In first grade, you arrived at school at 8:30 AM and left at
3:00. You assume your teachers kept
those same hours. Why would you think
otherwise? What you don’t see doesn’t
exist. You were dumfounded when you saw
your teacher at the grocery store. You
believed that your teacher did not exist outside of school. You still cling to this childhood myth that the
teacher only exists from bell to bell.
The meanest woman you ever encountered was your third-grade
math teacher. She made you pay attention
to everything she said, she made you do homework, she made you learn. You did not know that she spent an hour
before school each day making copies of the homework assignments you
dreaded. You did not care that the ten
minutes of homework she tortured you with meant that she would be tortured with
hours of grading that same homework assignment for all of her students. You did not realize that all of that homework
taught you the skills you would need to one day balance your checkbook and
calculate your mortgage payments.
In the sixth grade, it never occurred to you that the
lessons your favorite history teacher
taught you were not just pulled from some sort of magical teaching manual. You didn’t know that he spent three weeks over
the summer at a history workshop (unpaid) in another town which he traveled to
at his own expense. You didn’t know that
he purchased all of the maps lining the walls of the classroom with his own
money. You didn’t know that when you failed the test
about the civil war, he spent the next weekend rewriting lessons and designing
activities that would make sure you learned the material.
When your ninth-grade English teacher handed you back an
essay covered in red ink, you were angry.

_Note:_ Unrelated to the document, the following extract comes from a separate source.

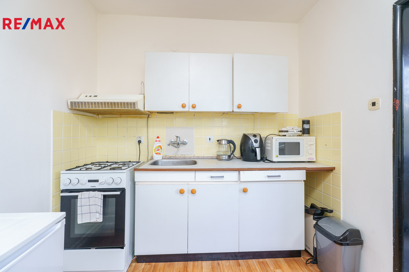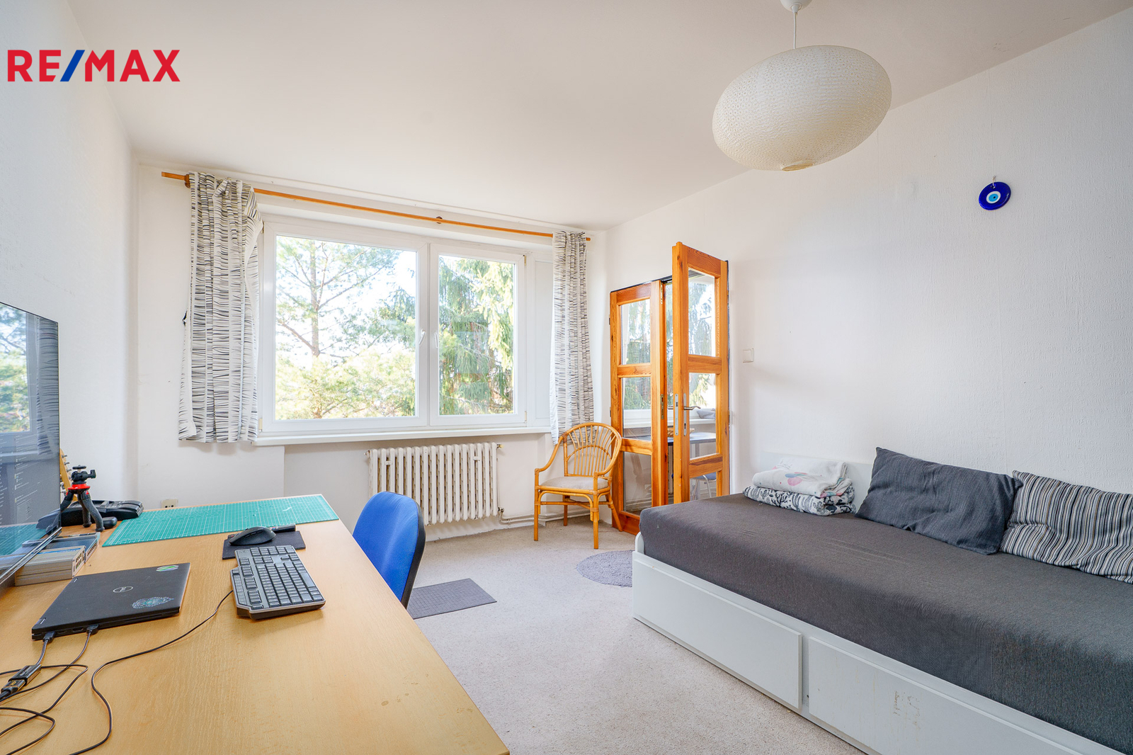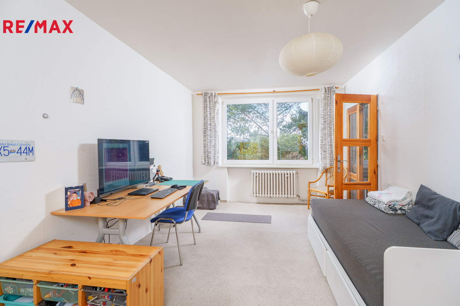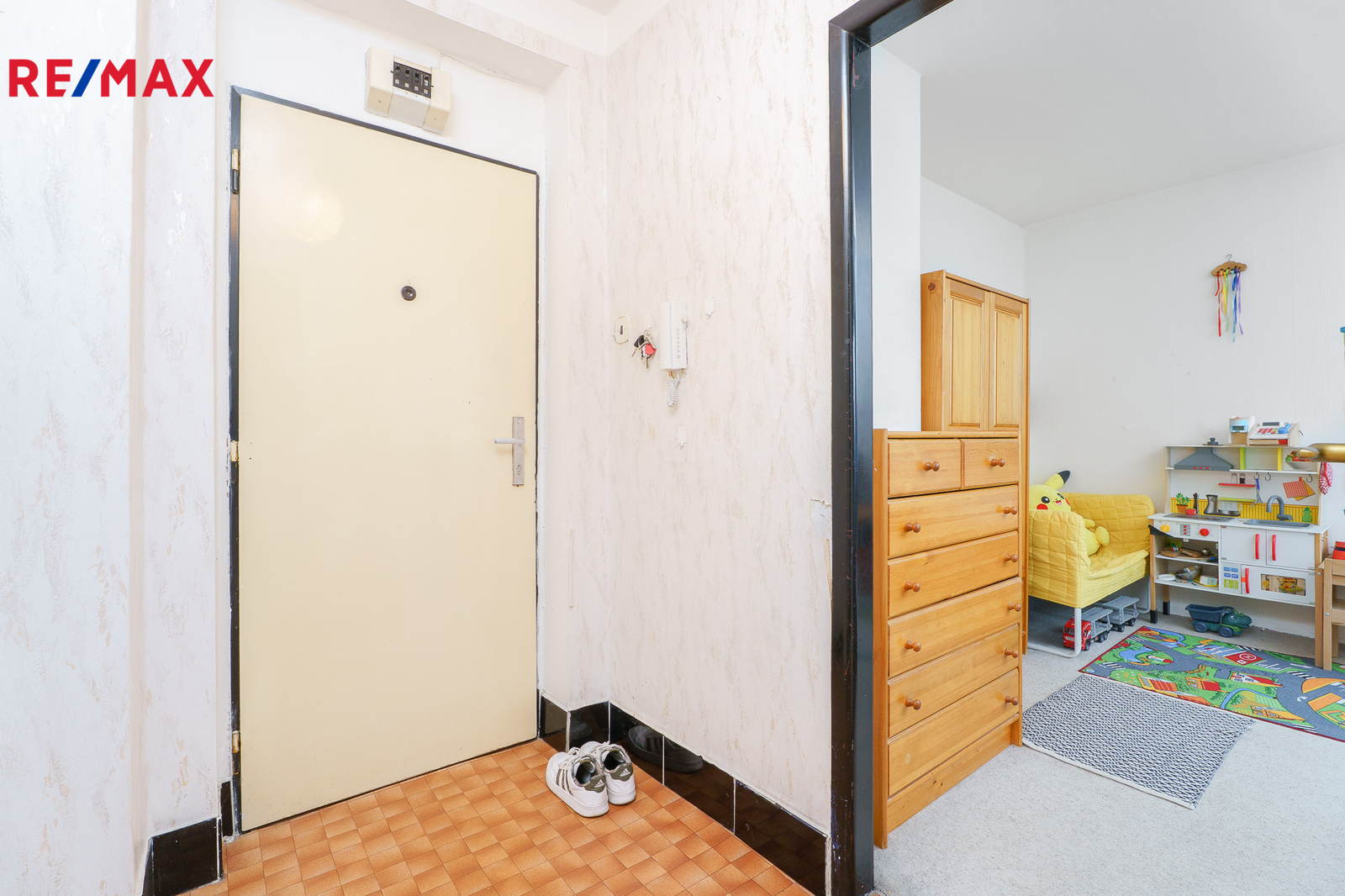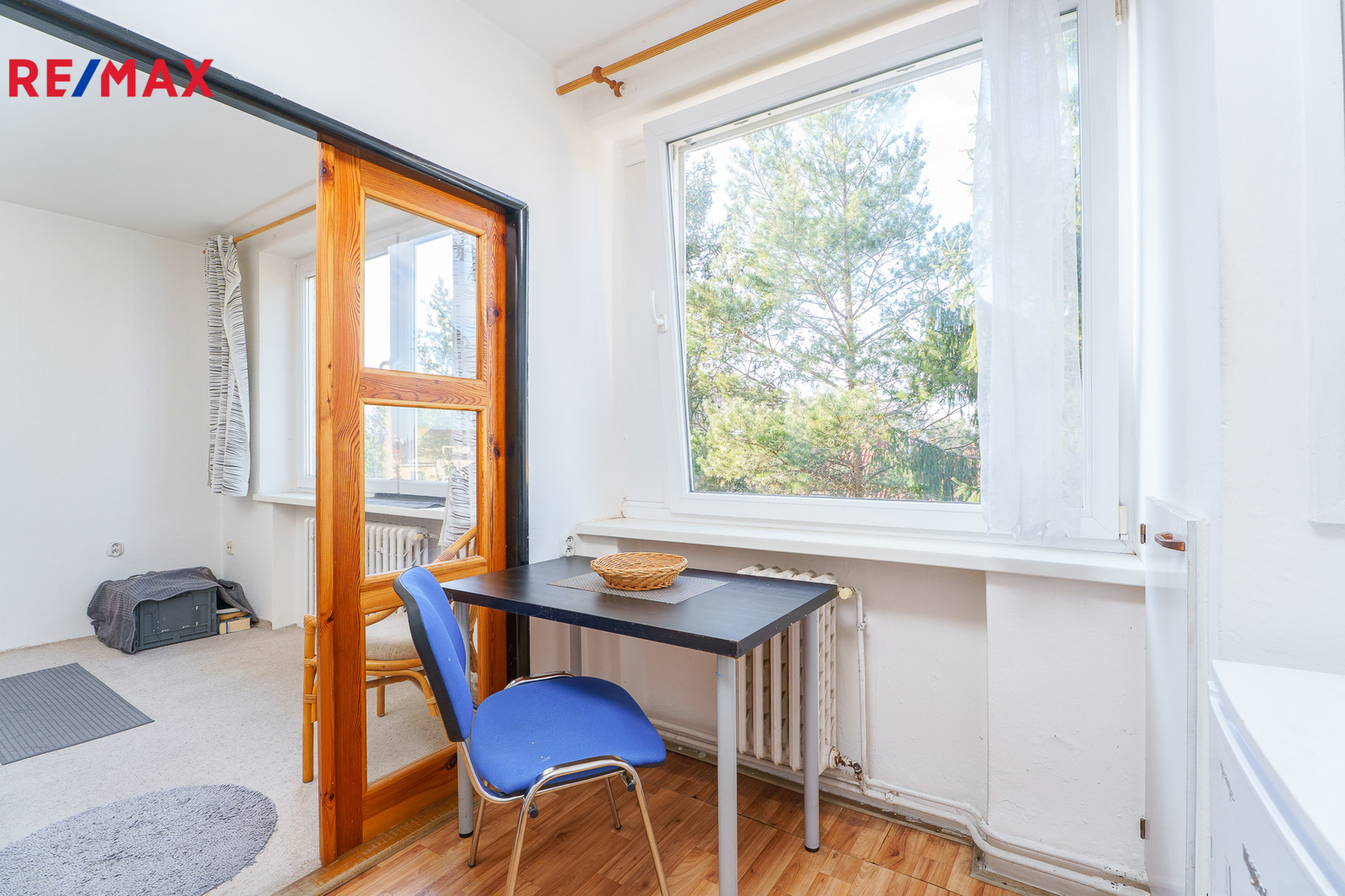 Západně orientovaný byt nabízí vstupní chodbu s komorou, která je zároveň i technickou místností s plynovým kotlem. Vlastní plynový kotel vytápí byt a zjišťuje teplou vodu nezávisle na zdrojích dálkového tepla, jak tomu bývá na velkých sídlištích. Dále WC a koupelna s vanou a umyvadlem. Velký obývací pokoj umožňuje prostorové řešení i pro spaní. Navazuje kuchyně s původní kuchyňskou linkou, vestavěnou spíží i místem pro jídelní stůl. K bytu náleží sklep.

When she made you correct your work, you were angry. You suffered through rewriting the essay--cursing
her the entire time. When you finally produced an A+ essay, you
congratulated yourself. You never once
thought about the fact that you were one of 150 students. Your teacher spent all day on Sunday grading
150 essays, marking errors and writing suggestions. You never once thought about the fact that
your teacher’s red marks are what helped you to learn. Today, when you write your angry comments
online about how awful teachers are, it never occurs to you that you could not
read articles and comment on them were it not for your teacher and her
blood-red pen.
You curse teachers because you know, at least
subconsciously, that you owe them. You
owe them more than you can ever give.
You are ashamed that you can never pay them back for what they have
given you. You know that they taught you
everything you needed to live, whether you appreciate that fact or not. Without them, you would be unable to read,
unable to understand your finances, and unable to understand history. Without them, you would neither know the
beauty of art, nor the beauty of science.

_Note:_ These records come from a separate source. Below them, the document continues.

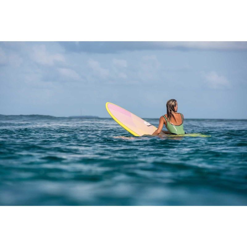 Das Medium Full Nose Design und der flache Mid-Entry versorgen das Board mit genügend Volumen für kleinere Tage mit schwächeren Wellen. Wenn es größer wird, reicht ein Schritt nach hinten und das Board morpht sich fast zum Shortboard. In Relation zu seiner tatsächlichen Länge fühlt sich das viel kürzer an und liefert Top Handling und Top Performance.
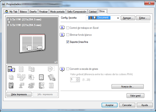 La configuración de escala de grises se aplica siempre que se utilice la impresora en cualquier aplicación de software.
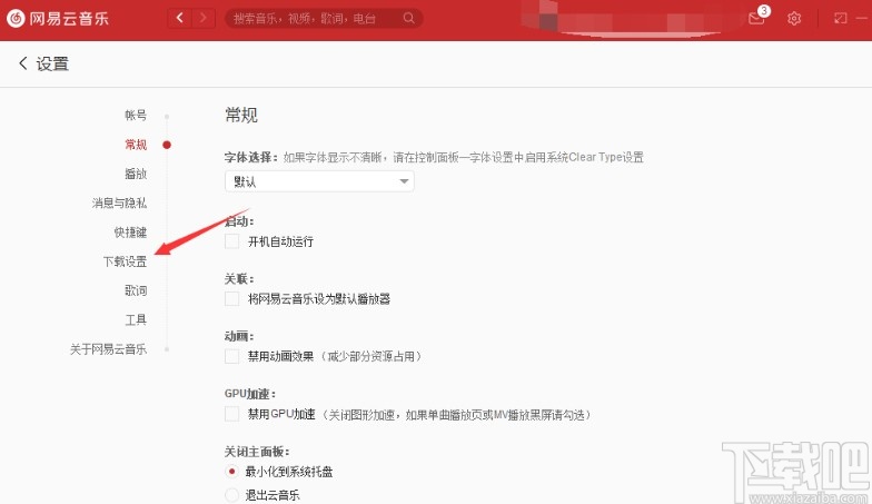 2.点击进入到设置界面之后,我们在设置界面左边点击下载设置选项,切换到下载设置界面当中。
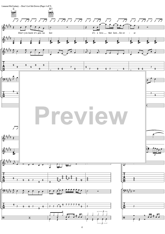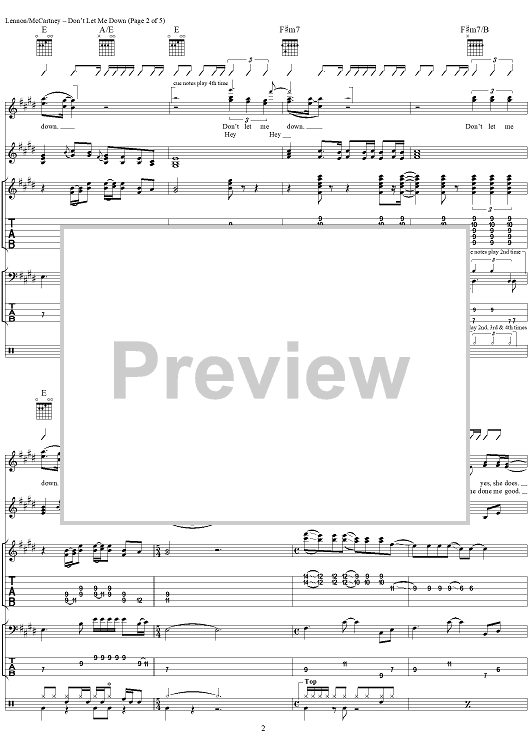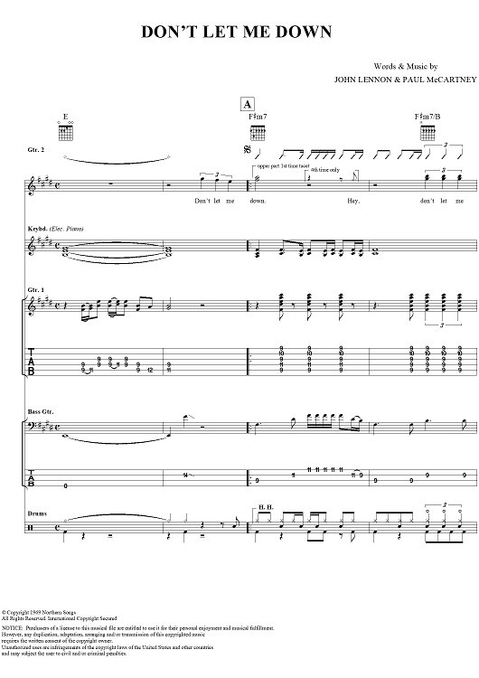"Don't Let Me Down" Sheet Music by The Beatles
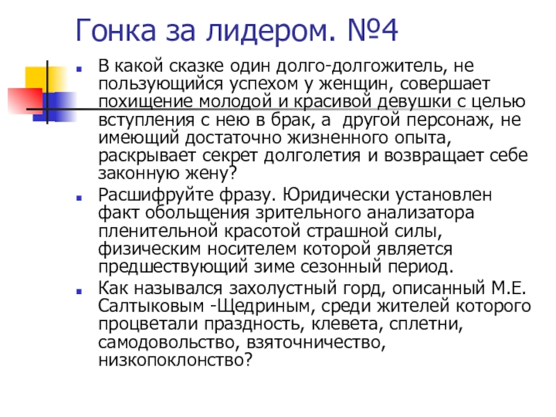 Слайд 8Гонка за лидером. №4
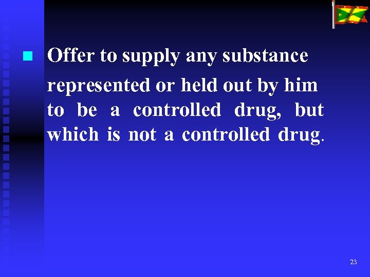 No person shall: n Supply any substance represented or held out by him to be a controlled drug, by which is not a controlled drug. 22
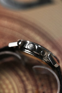 Inside beats the legendary Valjoux 72—one of the finest manual-wind chronograph movements of its time. Freshly serviced, it’s running superbly at +7 s/d, 295 amps, with a beat error of 0.2 ms.
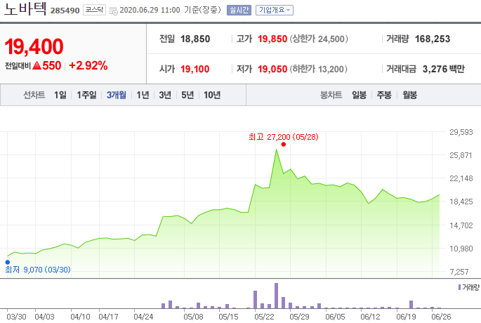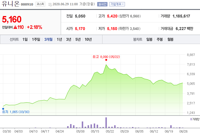 3월 30일만 해도 9천원이었던 주가가 2개월 만에 3배가 올라버렸다. 현재 수익이 별로 안 좋아 주가가 내려갔지만 경기가 좋아진다면 다시 충분히 오를 수 있는 매력적인 종목이라고 생각한다.

Without them, you would be a cog in the machine, an unthinking,
undreaming worker bee.
You know that you could never do what they do. You would never get paid sixty-percent of
your current salary to teach children. You
would never work unpaid overtime. You
would never buy books and supplies for other people’s children out of your own
pocket. You would never provide
bandages, lotion, snacks, tissues, and clothes for children who were not your
own. You would never subject yourself to
your job ratings being published in the newspaper. You would never be able to handle constant
public ridicule. You would never want to
take blame for all of the problems faced by children. You wouldn’t work a job for eight hours a day
without even the chance to use the restroom.
Because you would not do any of these things, you are
ashamed. You lash out at us to hide your
own guilt. You could never do what we
do, yet you know it needs to be done.
You will never appreciate us, because then you would have to acknowledge
that you are not, and never will be, one of us.
You are not a teacher.
I am.
If you found yourself getting angry reading this essay, if
you thought to yourself, “How dare she?
I work 80 hours a week and I get little pay! She doesn’t know anything about me or how
hard I work.” You now do actually know a
tiny bit of what it feels like to be a teacher.